Mit dabei sind auch Vertreter der russisch-orthodoxen Kirche. Ihr Oberhaupt, der Moskauer Patriarch Kyrill, unterstützt den russischen Angriffskrieg auf die Ukraine. Die Teilnahme der russisch-orthodoxen Kirche sorgte schon im Vorfeld des Treffens für Diskussionen.
Frieden ist eigentlich ein Grundanliegen der Ökumene. Trotzdem rechtfertigt der Moskauer Patriarch den Krieg in der Ukraine – und spendete dafür sogar seinen Segen. Tatsächlich sei dies unvereinbar mit den Grundprinzipien der ökumenischen Bewegung, erklärt SRF-Religionsredaktorin Judith Wipfler, die von der riesigen Zusammenkunft im südwestdeutschen Bundesland Baden-Württemberg berichtet.
Der ÖRK versteht sich als Friedensbewegung
Ein fundamentaler ökumenischer Grundsatz lautet «Do No Harm» (dt. «Keine Gewalt»). Nach dem Zivilisationsbruch des Zweiten Weltkriegs wurde der Weltkirchenrat zur Versöhnung der Kirchen und der Völker gegründet. An den Vor-Konferenzen der Vollversammlung haben die Kirchen heftig darüber diskutiert, ob man die russisch-orthodoxe Kirche ausschliessen soll.
«Man hat sich aber dagegen entschieden. Denn die Hoffnung überwiegt, dass man in einen Dialog treten kann», führt die Religionsexpertin aus. Der andere Grund, warum man sich für die Teilnahme der russisch-orthodoxen Delegation am Kirchengipfel aussprach: «Genauso wenig, wie Putin Russland sei, sei Kyrill die russische Kirche.»
Die Kirchen versuchten wiederholt, sich für Frieden und Dialog einzusetzen. Bislang waren die Bemühungen aber fruchtlos. Wipfler glaubt, dass mittelfristig ein Beitrag zur Aussöhnung möglich ist. «Ich bin aber skeptisch, ob es in Karlsruhe zur grossen Wende kommt. Auch der Papst ist ja nicht weitergekommen mit Moskau.»
Dazu kommt: Im neuen Jahrtausend hat der ökumenische Rat laut Wipfler an Bedeutung und Einfluss verloren – auch wegen Zugeständnissen an die orthodoxen, konservativeren Kirchen. Die russisch-orthodoxe Kirche ist die grösste Mitgliedskirche im ÖRK. «Und das verhindert pointierte, politische Aussagen oder Appelle. Denn diese müssen einstimmig gefasst werden.»

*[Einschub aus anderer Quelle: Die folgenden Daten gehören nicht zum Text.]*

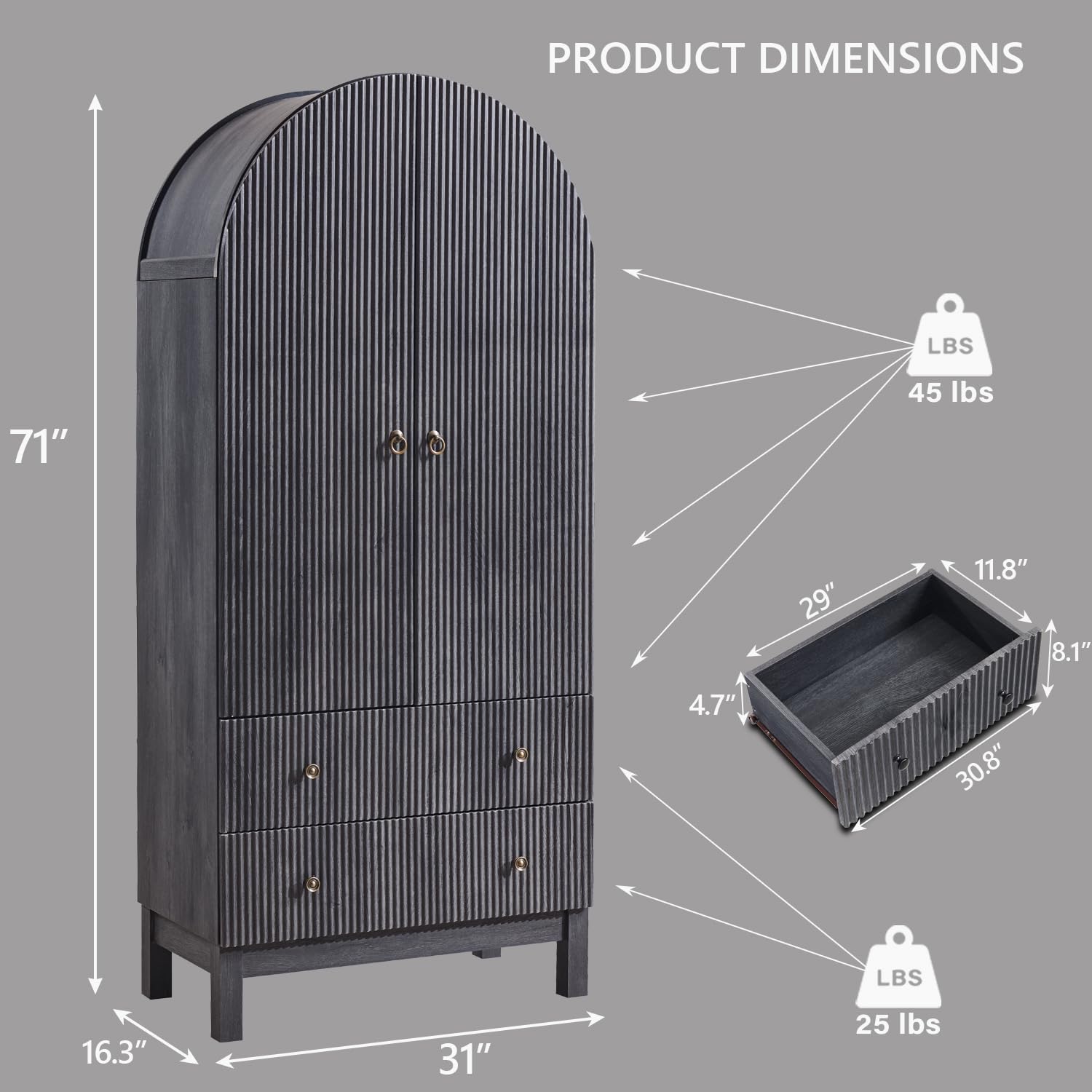 - Product Dimensions : 16.3"D x 31"W x 71"H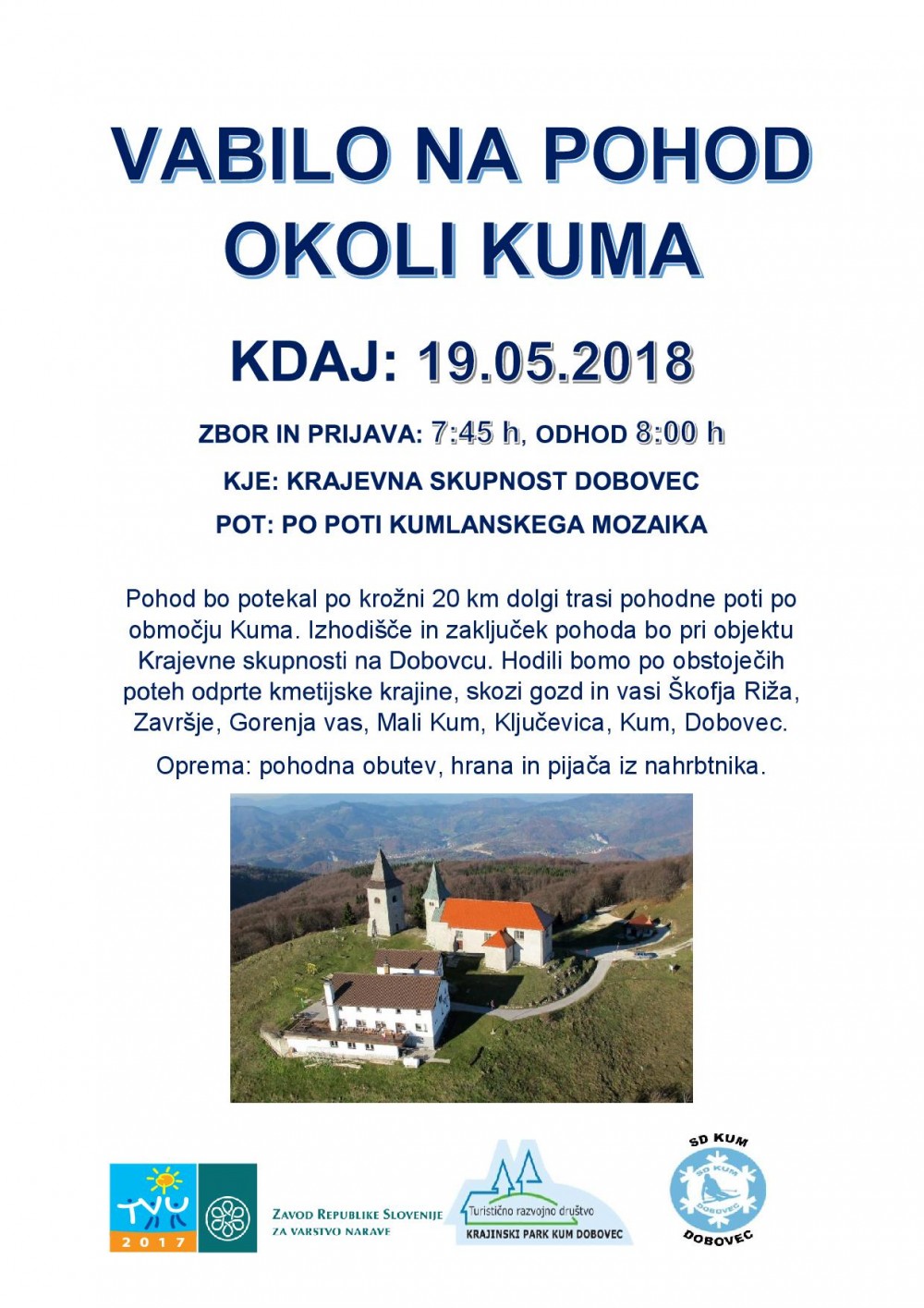 19. 5. 2018 / Pohod, ogledov: 1350Pohod okoli Kuma | Vrsta dogodka | Pohod | Območje | Posavsko hribovje | Kdaj | 19. 5. 2018 | Organizator | TRD Kum | Izhodišče in zaključek krožne tematske poti je pred objektom Krajevne skupnosti na Dobovcu. Nato se podamo po obstoječih cestah in poteh po odprti kmetijski krajini, skozi gozd in vasi. Pretežni del tematske poti poteka po ozemlju občine Trbovlje, delno pa tudi po območju občine Zagorje ob Savi. Prečkamo Škofjo Rižo, Završje, Gorenjo vas, Mali Kum, Ključevico, Kum in Dobovec.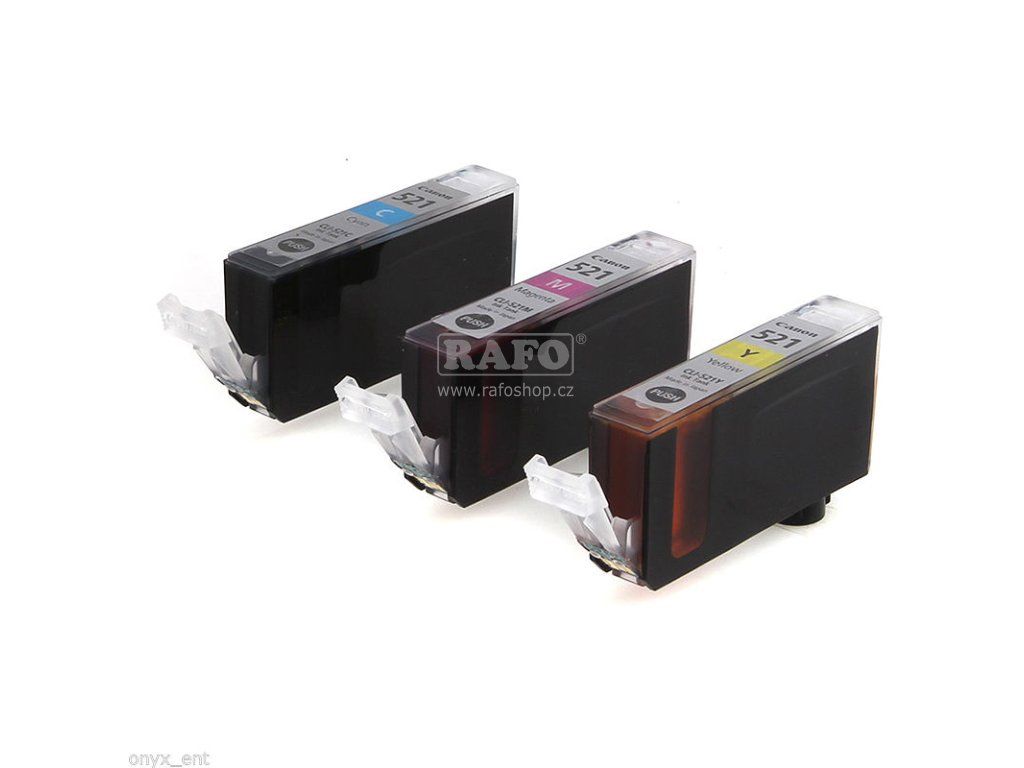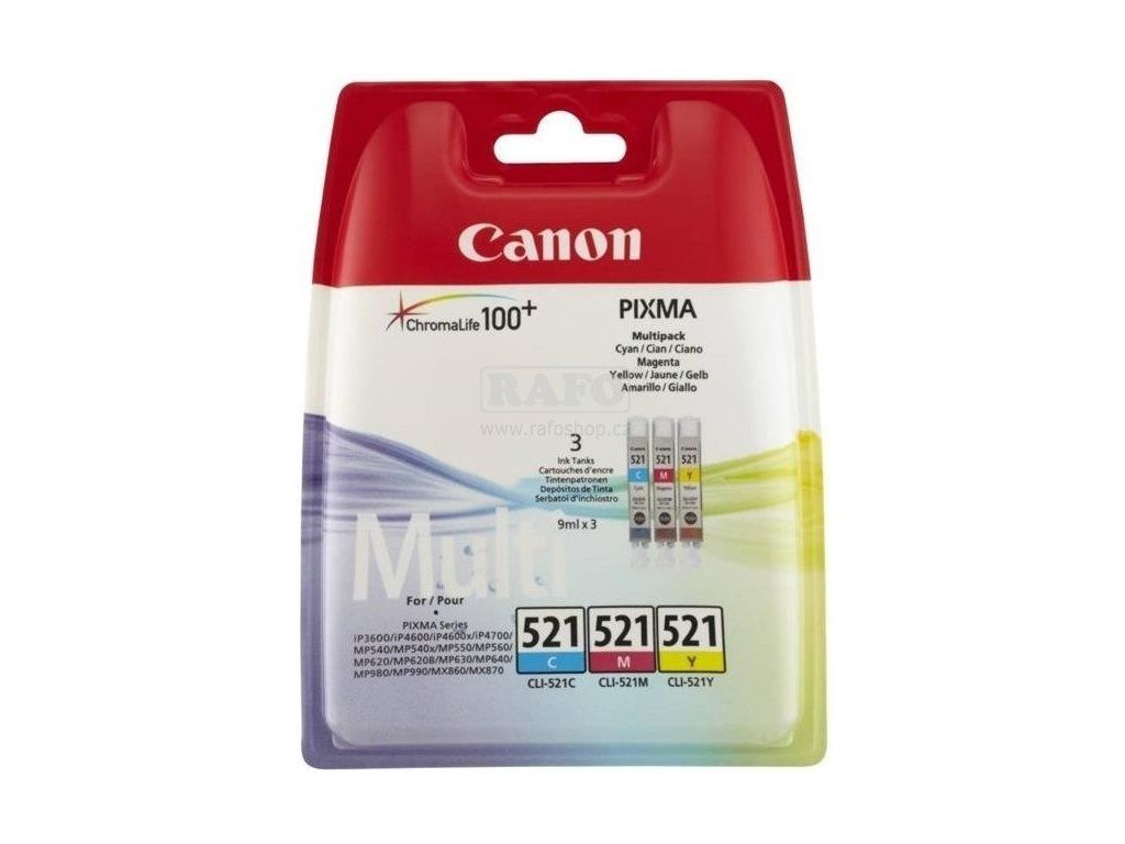 Náhradní sada originálních barevných cartridgí Canon CLI-521CMY Pack je určena pro barevné inkoustové tiskárny firmy Canon, modely řady PIXMA iP3600/iP4600 a řady MP540/620/630/980. Barva: azurová + purpurová + žlutá Obsah: 3 x 9 ml.Doplňkové parametry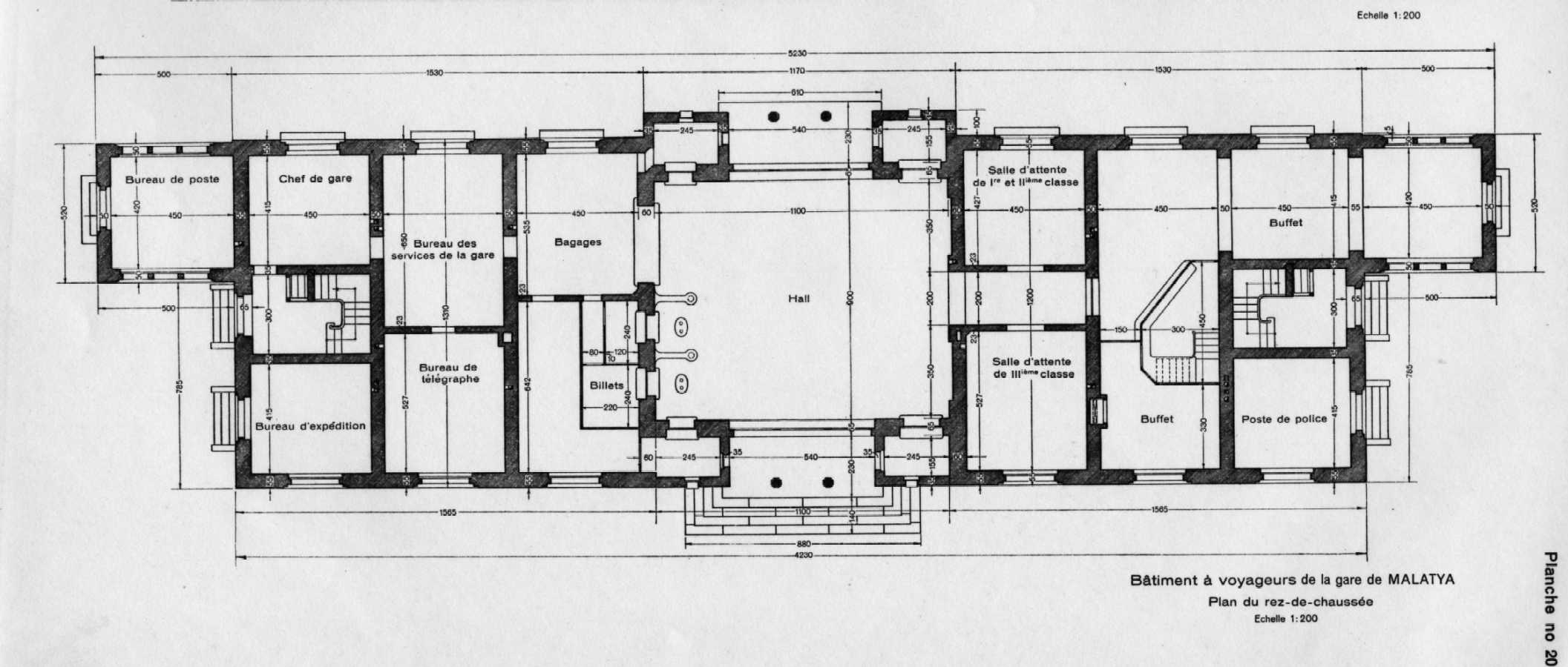 The Danish firm Nyquist and Holm AB (Nohab) was the general contractor for the building of the line Fevzipaşa to Diyarbakır. Nohab which is really a rolling stock manufacturer was in partnership with two fellow building firms: Kampsax and J. Saabye and O. Lerche. These firms made a special "Art Nouveau" design for Malatya station building, which is very different from all the other stations of the line.

Treffen im Schatten des Kriegs
Das Gewicht der konservativen Kräfte führt auch dazu, dass gewisse Themen gar nicht erst auf den Tisch kommen. So etwa die Fragen der Gleichstellung oder der Homosexualität. Letztere ist geradezu ein Tabuthema. Nichtsdestotrotz: Die Weltkirchengemeinschaft kann hunderte Millionen Menschen erreichen. Im globalen Süden und in Asien wächst die Christenheit auch, ganz anders als in Europa.
Der Krieg in der Ukraine droht andere Themen in den Hintergrund zu drängen. «Doch die Kirchengemeinschaft möchte auch Themen wie Klimagerechtigkeit, Postkolonialismus oder die Rechte der Indigenen thematisieren», sagt Wipfler. Und mit ihren klassischen Themen Frieden, Gerechtigkeit und Bewahrung der Schöpfung könne der ÖRK hier durchaus wichtige Impulse setzen.